When they arrived at the Sanchez's home, Sanchez went inside and appellant waited in the car. Stephens, who had been drinking alcohol, was sitting in the living room holding a baseball bat. After ten or fifteen minutes, appellant entered the house because Sanchez "took too long." When Sanchez came into the living room, he noticed that Stephens and appellant were "having words." According to Sanchez, appellant was "standing over top [Stephens]," telling Stephens that he "needed to quit talking so much ****." Stephens told appellant "to get out, get out of his house" and was still holding the baseball bat. Sanchez testified that he told appellant, "Come on, let's go, leave him alone." Sanchez then walked outside with his mother.

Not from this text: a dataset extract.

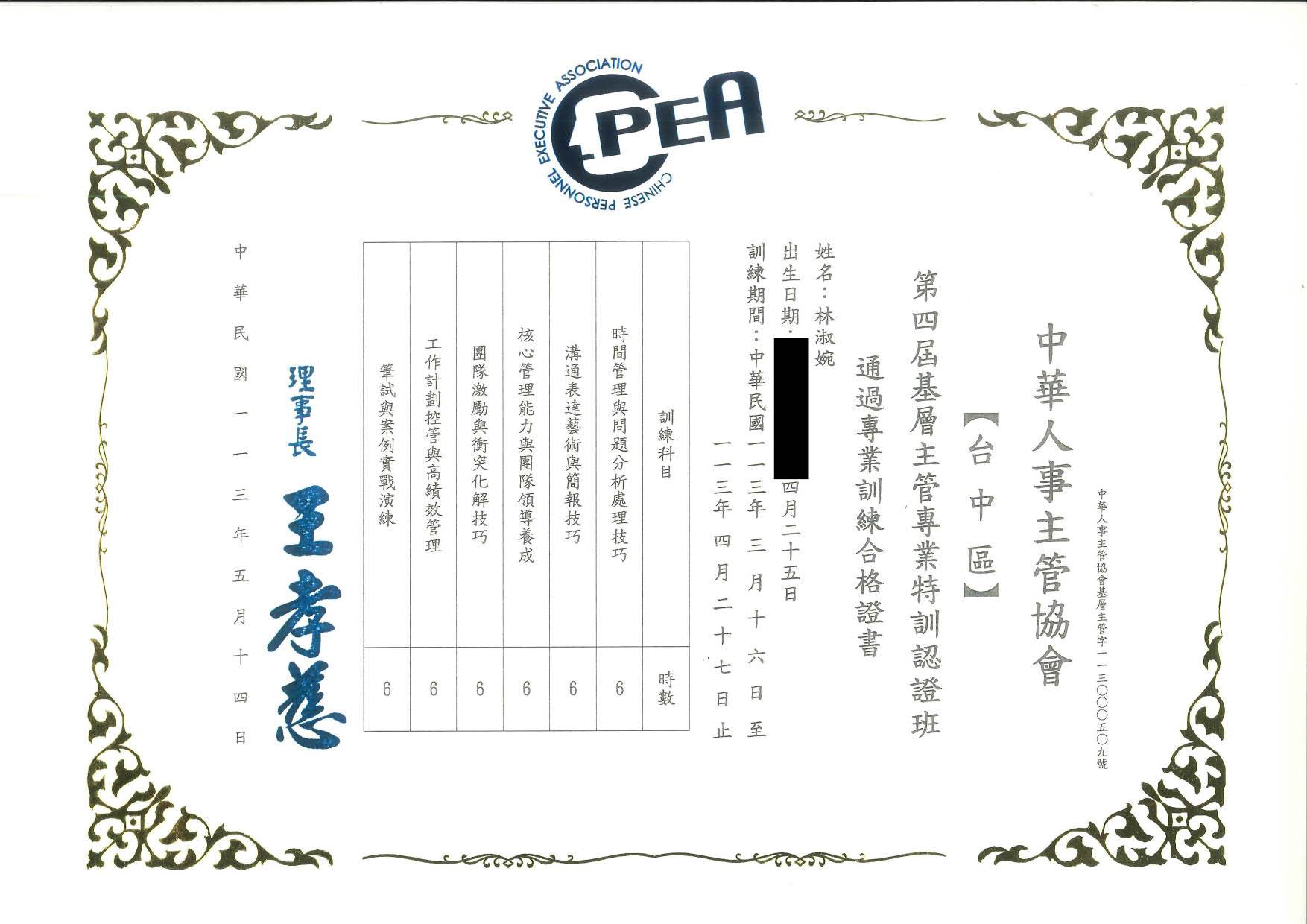 第四屆基層主管專業特訓認證班 |

Sanchez and his mother walked across the driveway and were standing on a neighbor's porch. They had been on the neighbor's porch for less than five minutes when. Sanchez testified that he saw appellant open the screen door, walk backwards off the porch, and walk away. Stephens then emerged from the house with one hand over his chest and the other holding the baseball bat. Stephens said, "Call the law, he got me, he got me." The medical examiner's report indicated Stephens died of a single stab wound in his left chest area.
Appellant testified he went into the house because Sanchez "took so long coming back." He testified that he was not agitated from the telephone conversation and did not start the argument with Stephens. However, he told Stephens that he "should stop talking so much **** on the telephone to people that you don't know nothing about."

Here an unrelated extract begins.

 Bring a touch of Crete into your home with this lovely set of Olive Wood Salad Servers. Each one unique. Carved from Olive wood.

He testified that after Sanchez and his mother went out the door, he turned to follow them. Stephens then hit him from behind with the baseball bat. After Stephens hit him on the back and shoulder with the bat, Stephens hit him a second time across the shoulder. As Stephens again "was coming down . . . with the baseball bat," appellant retrieved his knife and opened it. Appellant testified that he held the knife, intending to frighten Stephens away with it, and that Stephens ran into the blade. Appellant testified that he had not had any fights or difficulty with Stephens until that day and that he had the knife because he used it in his work.
Appellant testified that he walked to a nearby store, where he asked Sam Brown, a captain with the sheriff's office, to call the police because he had stabbed someone. After appellant gave a statement at the police station, the police took him to the hospital because he indicated that his shoulder was hurting. The treating doctor testified that appellant had a contusion of the right shoulder and that the injury could have been caused by a blunt object such as a baseball bat. He proscribed medication and a sling to hold the arm.

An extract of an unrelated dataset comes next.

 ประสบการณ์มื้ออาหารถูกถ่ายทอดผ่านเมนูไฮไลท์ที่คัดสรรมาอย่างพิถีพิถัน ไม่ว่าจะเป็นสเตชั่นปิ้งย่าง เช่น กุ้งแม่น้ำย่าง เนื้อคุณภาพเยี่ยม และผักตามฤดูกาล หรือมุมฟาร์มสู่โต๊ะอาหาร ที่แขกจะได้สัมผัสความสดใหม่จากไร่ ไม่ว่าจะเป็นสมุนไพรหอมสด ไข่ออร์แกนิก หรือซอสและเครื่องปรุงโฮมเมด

A toxicologist testified that Stephens had a blood alcohol level of .22% by weight by volume at the time of his death.
Finding: Second Degree Murder. The jury disbelieved the Defendant’s assertion to self defense, and looked to his statements and actions for reasons to believe he provoked and incited the attack.
As I stated earlier, you roll the dice, you may loose. Here were 3 cases of men whose lives were in danger. Yet by their actions:
One was not afforded the ability to argue self-defense, by matter of law, PERIOD. He forfeited it.
One was determined to not be in grave danger in a stalled car, even though he was being attacked, and the jurors pondered why he prepared for a confrontation by arming himself.
One had his state of mind evaluated by damaging statements normally considered heresay, and those statements impacted his claim to self-defense.